:: GOAL OF THE EXERCISE ::
The answer must reproduce every record exactly, with all pictures omitted.

:: DATASET ENTRIES ::

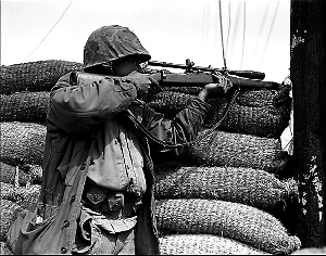 美军陆战队狙击手在战场上。
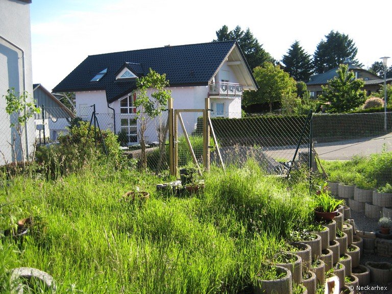 Blick über den Lichtgraben zum vorderen, rechten Zaun. Der Lichtgraben selbst ist mit Katzenschutznetz abgedichtet, da dort noch ein Tor hinkommt, sobald das Holzdeck über den Lichtgraben fertig ist.
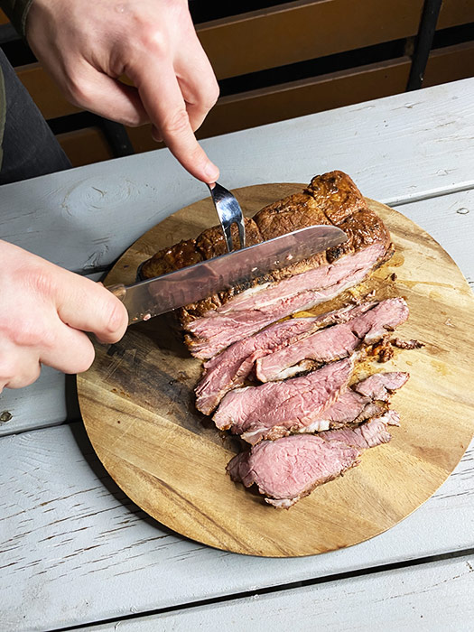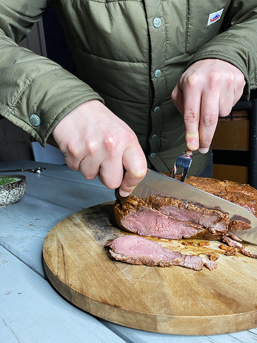 Aber zurück zu unserem Roastbeef: Das leckere Roastbeef aus der Färse in bester Bioqualität stammte aus Brandenburg, bestellt haben wir es ein paar Tage zuvor bei den Fleisch-Rebellen. Die sind wiederum in Berlin zu finden, haben aber auch einen exklusiven Onlineshop, in dem es viel regionales Fleisch und zudem Fisch gibt. Nachdem wir das Beef großzügig mit dem „Traeger Beef Rub“ eingerieben hatten, ging es ab damit in den Smoker. Eine genaue Beschreibung zum Vorheizen und der perfekten Gar-Temperatur findet ihr in der Traeger-App, die euch super durch die einzelnen Schritte führt. Und mit dem digitalen Thermometer und der Option auf ein Warnsignal direkt aufs Smartphone, kann man sich ohne Probleme in der Zwischenzeit anderen Dingen widmen. Für den Kopf echt eine Wohltat, denn es gab genug andere Dinge zu tun.
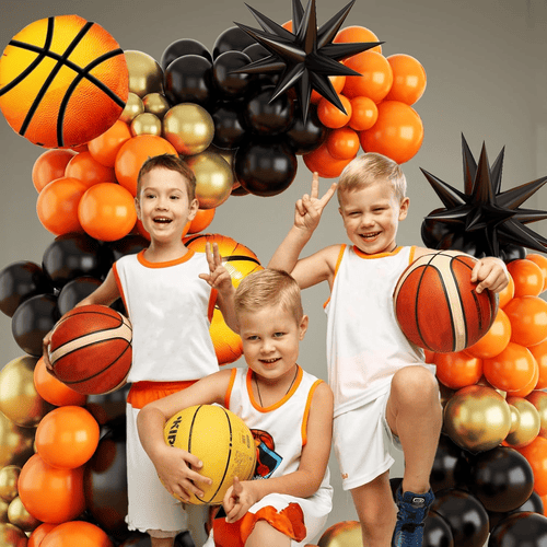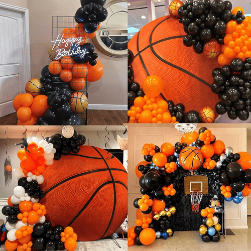 Баскетбол шарының гирлянд жинағы спорттық рухтың символы болып табылады. Ол бірнеше латекс шарымен және бірнеше фольга шарымен келеді. Баскетбол тақырыбына арналғандықтан, бұл жиынтықтың түстері негізінен қызғылт сары және қара болып табылады және әртүрлі қабаттарды жасау үшінметалл алтын латекс шарларда қосылады. Оның жалпы стилі өте тартымды, ол сіздің кешіңіздің атмосферасын бірден жақсарта алады.
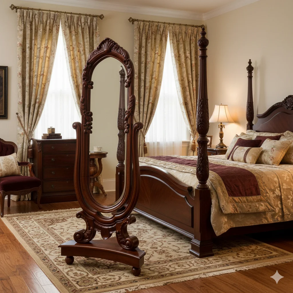 🧍♀️ Type: Floor-standing dressing mirror with classic carved frame
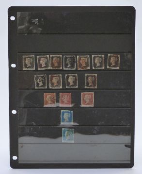 A good set of eleven Great Britain 1840 1d black stamps, plates 1a-10 with plate numbers marked lightly in pencil to verso, all clear four margin examples. Also 1840 2d blue BJ four margins with light red Maltese cross cancellation
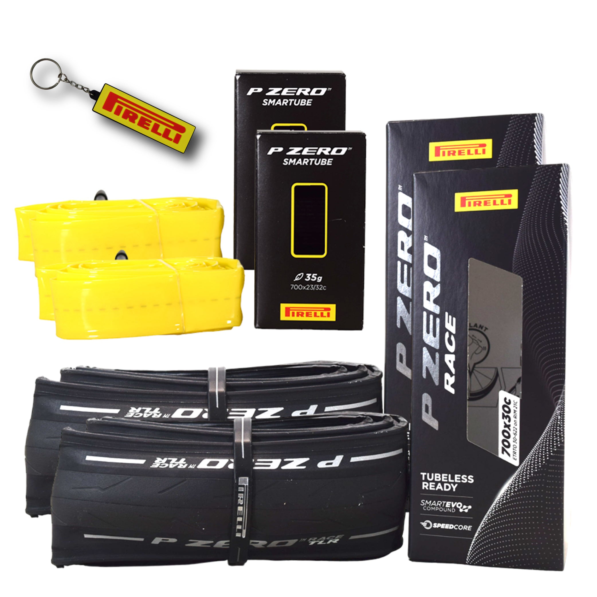 Pirelli P ZERO Race TLR 30-622(700x30c) & SmarTUBE 23/32-622 700C Road Bike Tire & Presta Tube Set- Lightweight, Bicycle Tire & Tube Set for Road Racing - SmartEVO Compound w/Keychain (2Pk)
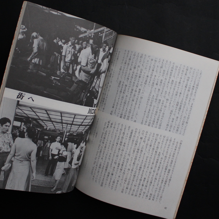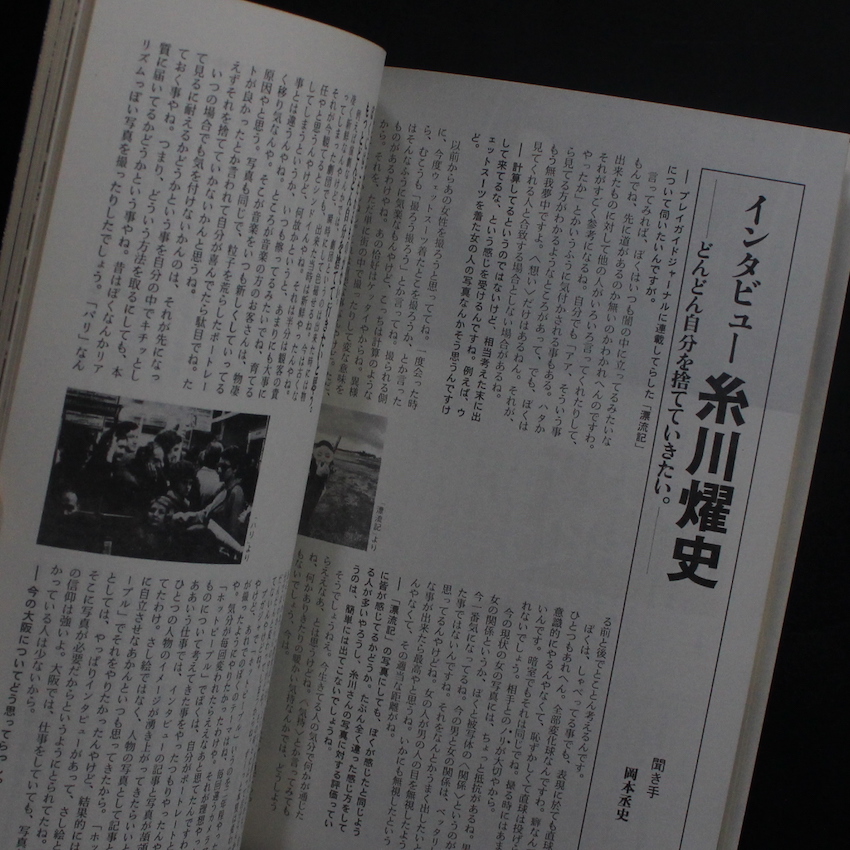 本書は、1980年前後に大阪で刊行されていた「カルチャー同人誌」で、占星術師、大学教授、映画監督、写真家など様々なジャンルの人間の混成によって作成されていたようで、こちらは1979年刊行の創刊号と82年刊行の第2号ですが、その後の発刊の詳細は不明。写真家では、1960年代より大阪を拠点に活躍して、音楽、演劇、演芸など他ジャンルのアーティストたちと交流を図り、モリスフォーム・プレイガイドジャーナル関連でも度々登場する糸川燿史が、「村祭り」と題した写真とテキストを発表しています。その他、姫路を拠点にした『PHOTO STREET』のメンバーでもあった川口和之(川口は編集・制作も担当)、さらには70年代から活躍して、作品集『スナップショット / Snapshot』で知られる興松良昌は、「視線-街角」を掲載しています。尚、第1号は図版が多く収録されていますが、第2号はテキストがメインの構成となっています。70-80年代に登場した数々の同人誌の中でも異色の一冊です。
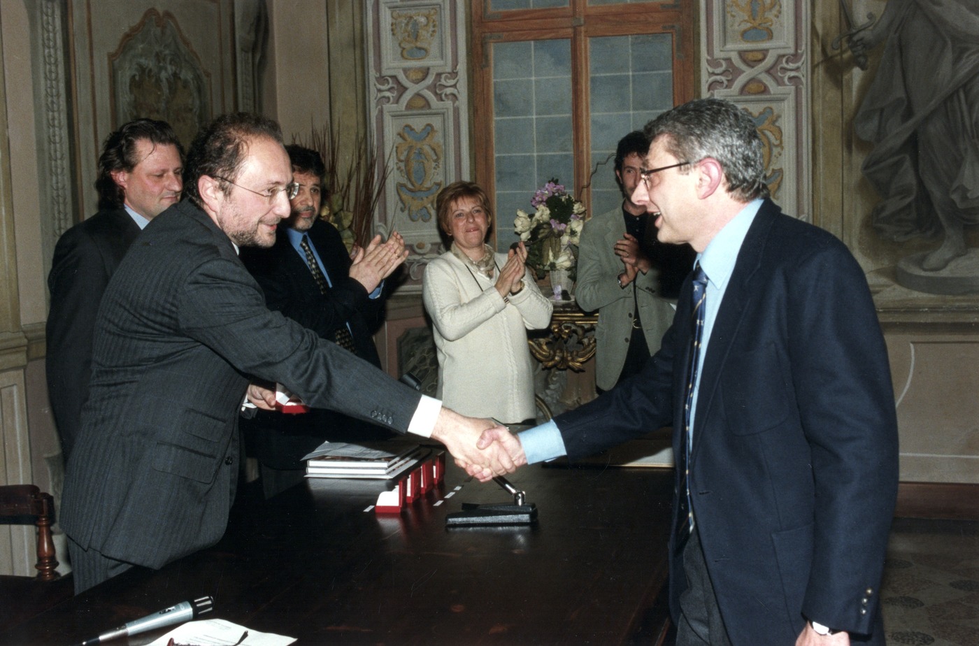 Trotti il 21 dicembre 2000. In basso, il discorso di ringraziamento di Walter Verderio.
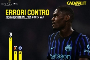 体育资讯4月15日讯 外媒盘点了本赛季意甲球队出现VAR不利判罚的次数榜,其中尤文5次最多,国米4次第二。具体如下:
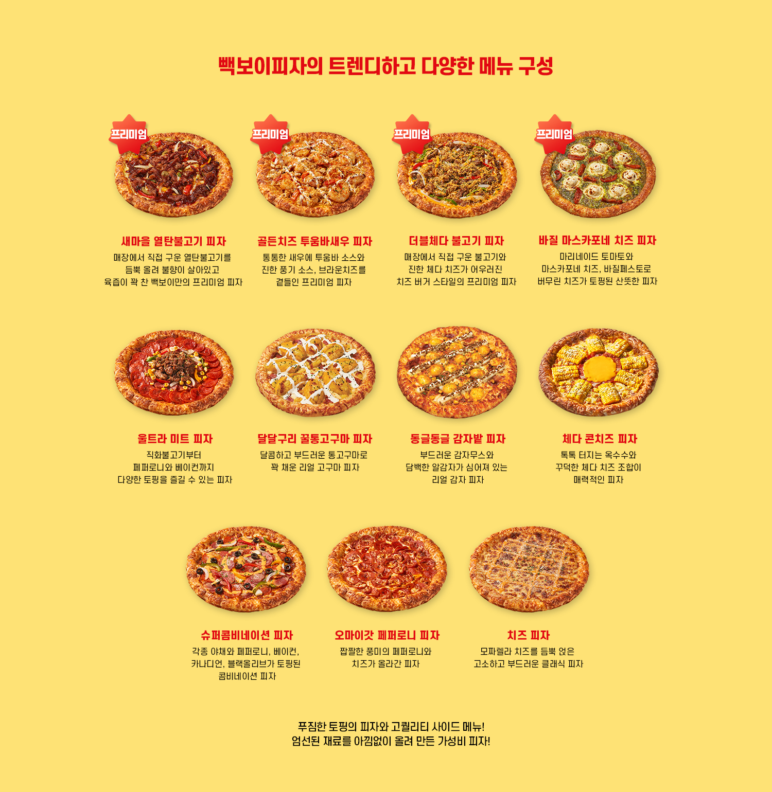 푸짐한 토핑의 피자와 고퀄리티 사이드 메뉴! 엄선된 재료를 아낌없이 올려 만든 가성비 피자!
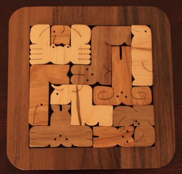 Here is a whimsical version of Ten-Yen where each piece resembles an animal, done in 3 kinds of wood. This finely handcrafted work of art is by Dan Klarskov, a puzzle lover and woodworker from Denmark. See more of Dan's puzzles on his website.
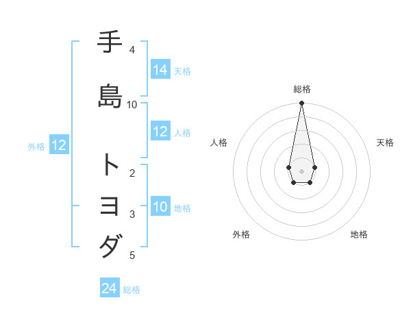 手島 トヨダさんを姓名の画数から五運を鑑定
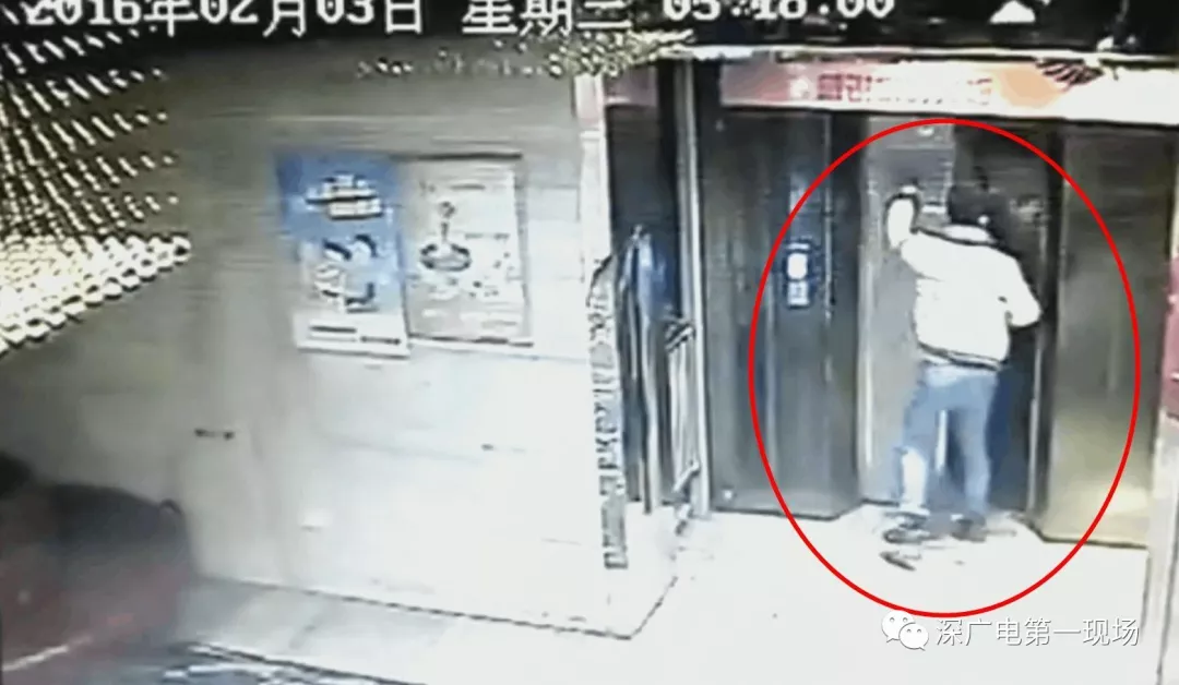 這名男子也是從遠處飛奔向電梯一腳就踹開了廂門,然后不小心踏空掉下了電梯井。
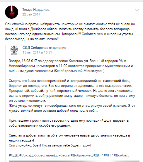 Также он скорбил по поводу смерти боевика "Мюнхгаузена". Переживал, что не сможет приехать на прощание с другом в Новосибирский крематорий. Называет его "боевым товарищем, воевавшем под одним знаменем Новороссии".
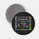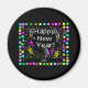 This is one of my New Year's drawing that I call, "Happy New Year Greetings," I have added colourful party streamers and confetti and colourful polka dots as the background to my drawing so that my New Year's drawing is colourful and unique. You can now order my drawing added onto this round magnet, you can order this round magnet in Small 1 1/4 inch, Standard 2 1/4 inch and Large 3 inch. This round magnet makes a beautiful decor for your refrigerator to celebrate a New Year.

:: SOLUTION FOR THIS EXERCISE ::
 美军陆战队狙击手在战场上。
 Blick über den Lichtgraben zum vorderen, rechten Zaun. Der Lichtgraben selbst ist mit Katzenschutznetz abgedichtet, da dort noch ein Tor hinkommt, sobald das Holzdeck über den Lichtgraben fertig ist.
 Aber zurück zu unserem Roastbeef: Das leckere Roastbeef aus der Färse in bester Bioqualität stammte aus Brandenburg, bestellt haben wir es ein paar Tage zuvor bei den Fleisch-Rebellen. Die sind wiederum in Berlin zu finden, haben aber auch einen exklusiven Onlineshop, in dem es viel regionales Fleisch und zudem Fisch gibt. Nachdem wir das Beef großzügig mit dem „Traeger Beef Rub“ eingerieben hatten, ging es ab damit in den Smoker. Eine genaue Beschreibung zum Vorheizen und der perfekten Gar-Temperatur findet ihr in der Traeger-App, die euch super durch die einzelnen Schritte führt. Und mit dem digitalen Thermometer und der Option auf ein Warnsignal direkt aufs Smartphone, kann man sich ohne Probleme in der Zwischenzeit anderen Dingen widmen. Für den Kopf echt eine Wohltat, denn es gab genug andere Dinge zu tun.
 Баскетбол шарының гирлянд жинағы спорттық рухтың символы болып табылады. Ол бірнеше латекс шарымен және бірнеше фольга шарымен келеді. Баскетбол тақырыбына арналғандықтан, бұл жиынтықтың түстері негізінен қызғылт сары және қара болып табылады және әртүрлі қабаттарды жасау үшінметалл алтын латекс шарларда қосылады. Оның жалпы стилі өте тартымды, ол сіздің кешіңіздің атмосферасын бірден жақсарта алады.
 🧍♀️ Type: Floor-standing dressing mirror with classic carved frame
 A good set of eleven Great Britain 1840 1d black stamps, plates 1a-10 with plate numbers marked lightly in pencil to verso, all clear four margin examples. Also 1840 2d blue BJ four margins with light red Maltese cross cancellation
 Pirelli P ZERO Race TLR 30-622(700x30c) & SmarTUBE 23/32-622 700C Road Bike Tire & Presta Tube Set- Lightweight, Bicycle Tire & Tube Set for Road Racing - SmartEVO Compound w/Keychain (2Pk)
 本書は、1980年前後に大阪で刊行されていた「カルチャー同人誌」で、占星術師、大学教授、映画監督、写真家など様々なジャンルの人間の混成によって作成されていたようで、こちらは1979年刊行の創刊号と82年刊行の第2号ですが、その後の発刊の詳細は不明。写真家では、1960年代より大阪を拠点に活躍して、音楽、演劇、演芸など他ジャンルのアーティストたちと交流を図り、モリスフォーム・プレイガイドジャーナル関連でも度々登場する糸川燿史が、「村祭り」と題した写真とテキストを発表しています。その他、姫路を拠点にした『PHOTO STREET』のメンバーでもあった川口和之(川口は編集・制作も担当)、さらには70年代から活躍して、作品集『スナップショット / Snapshot』で知られる興松良昌は、「視線-街角」を掲載しています。尚、第1号は図版が多く収録されていますが、第2号はテキストがメインの構成となっています。70-80年代に登場した数々の同人誌の中でも異色の一冊です。
 Trotti il 21 dicembre 2000. In basso, il discorso di ringraziamento di Walter Verderio.
 体育资讯4月15日讯 外媒盘点了本赛季意甲球队出现VAR不利判罚的次数榜,其中尤文5次最多,国米4次第二。具体如下:
 푸짐한 토핑의 피자와 고퀄리티 사이드 메뉴! 엄선된 재료를 아낌없이 올려 만든 가성비 피자!
 Here is a whimsical version of Ten-Yen where each piece resembles an animal, done in 3 kinds of wood. This finely handcrafted work of art is by Dan Klarskov, a puzzle lover and woodworker from Denmark. See more of Dan's puzzles on his website.
 手島 トヨダさんを姓名の画数から五運を鑑定
 這名男子也是從遠處飛奔向電梯一腳就踹開了廂門,然后不小心踏空掉下了電梯井。
 Также он скорбил по поводу смерти боевика "Мюнхгаузена". Переживал, что не сможет приехать на прощание с другом в Новосибирский крематорий. Называет его "боевым товарищем, воевавшем под одним знаменем Новороссии".
 This is one of my New Year's drawing that I call, "Happy New Year Greetings," I have added colourful party streamers and confetti and colourful polka dots as the background to my drawing so that my New Year's drawing is colourful and unique. You can now order my drawing added onto this round magnet, you can order this round magnet in Small 1 1/4 inch, Standard 2 1/4 inch and Large 3 inch. This round magnet makes a beautiful decor for your refrigerator to celebrate a New Year.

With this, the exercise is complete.